*** Opening Information provided ***

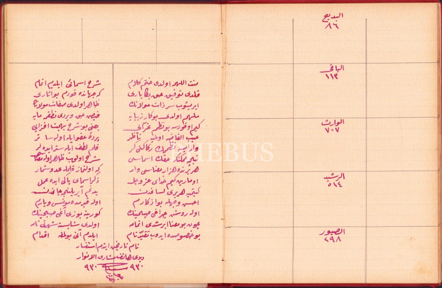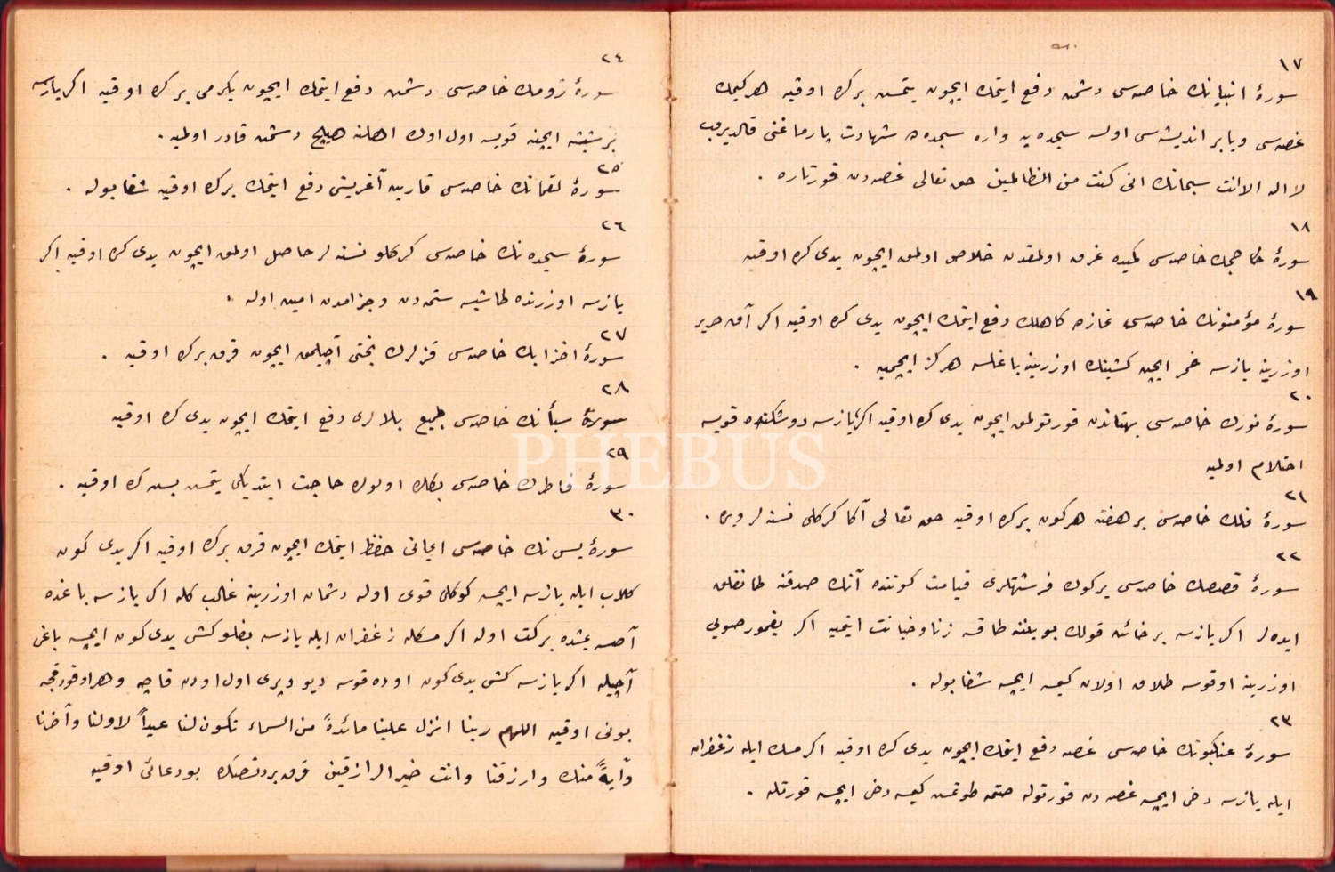 "Ziyâret ve İâde-i Ziyâret", "Kartvizit", "Hanenin Odaları Hakkında Bir İki Söz" Başlıklı Yazılar ile Esmâ-i Hüsnâ ve Dinî Soru-Cevaplar İçeren El Yazması Mecmua, 56 varak, Osmanlı armalı cildinde, 17x23 cm
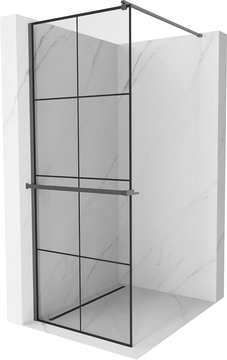 Mexen Kioto+ sprchová stena s poličkou Walk-in 70 x 200 cm, čierna mriežka, kartáčovaná puška sivá - 800-070-121-66-77
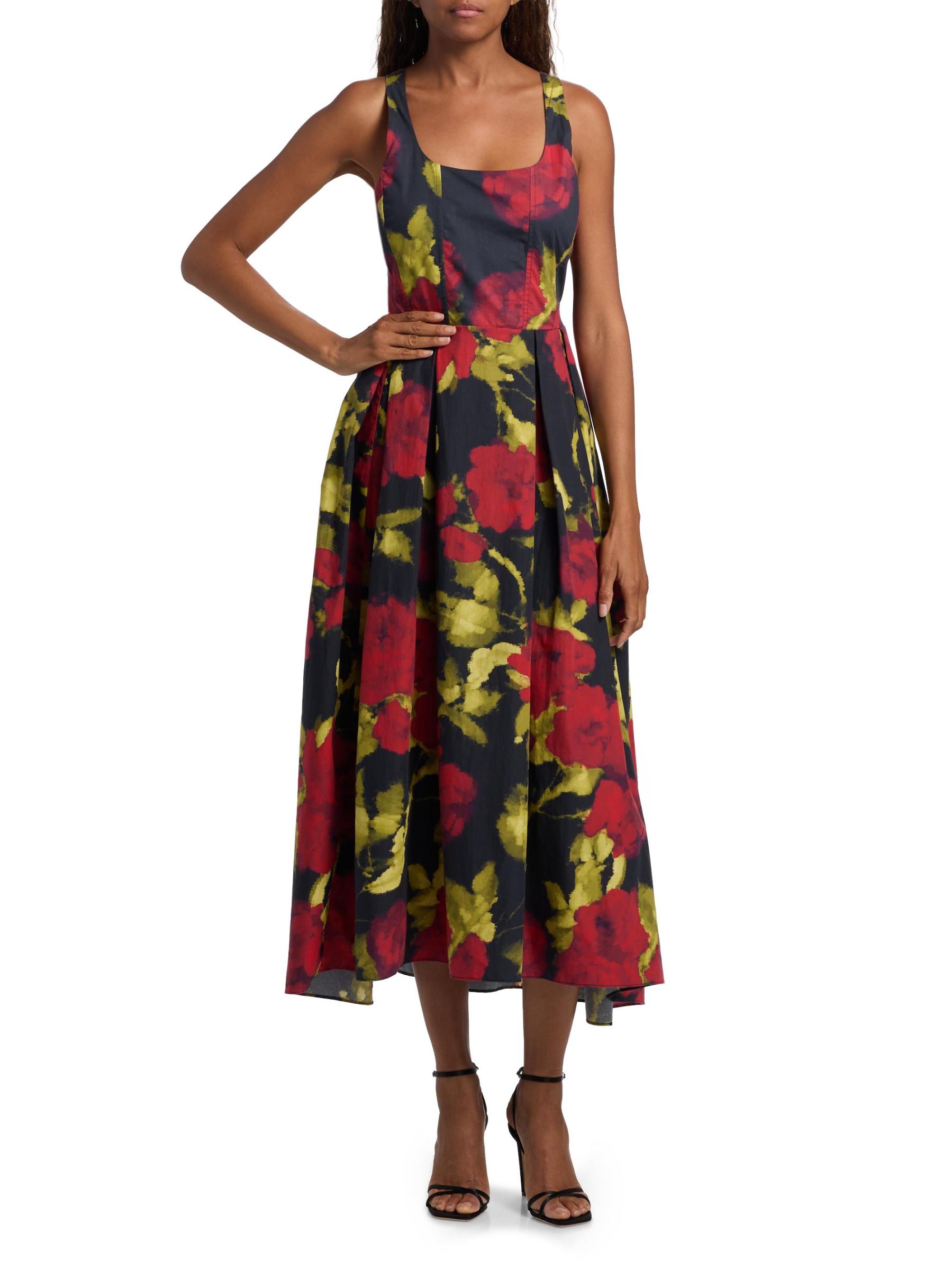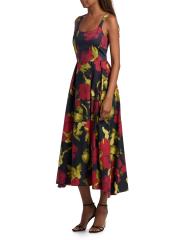 فستان متوسط الطول من البوبلين بنقشة الزهور من أيشاني

*** Closing Information provided ***

> **What to produce**:
Pictures stay out; reproduce exactly the lines from the one containing "Mexen Kioto+ sprchová" through the last line of the listing, both included.

> **Response box**:
 Mexen Kioto+ sprchová stena s poličkou Walk-in 70 x 200 cm, čierna mriežka, kartáčovaná puška sivá - 800-070-121-66-77
 فستان متوسط الطول من البوبلين بنقشة الزهور من أيشاني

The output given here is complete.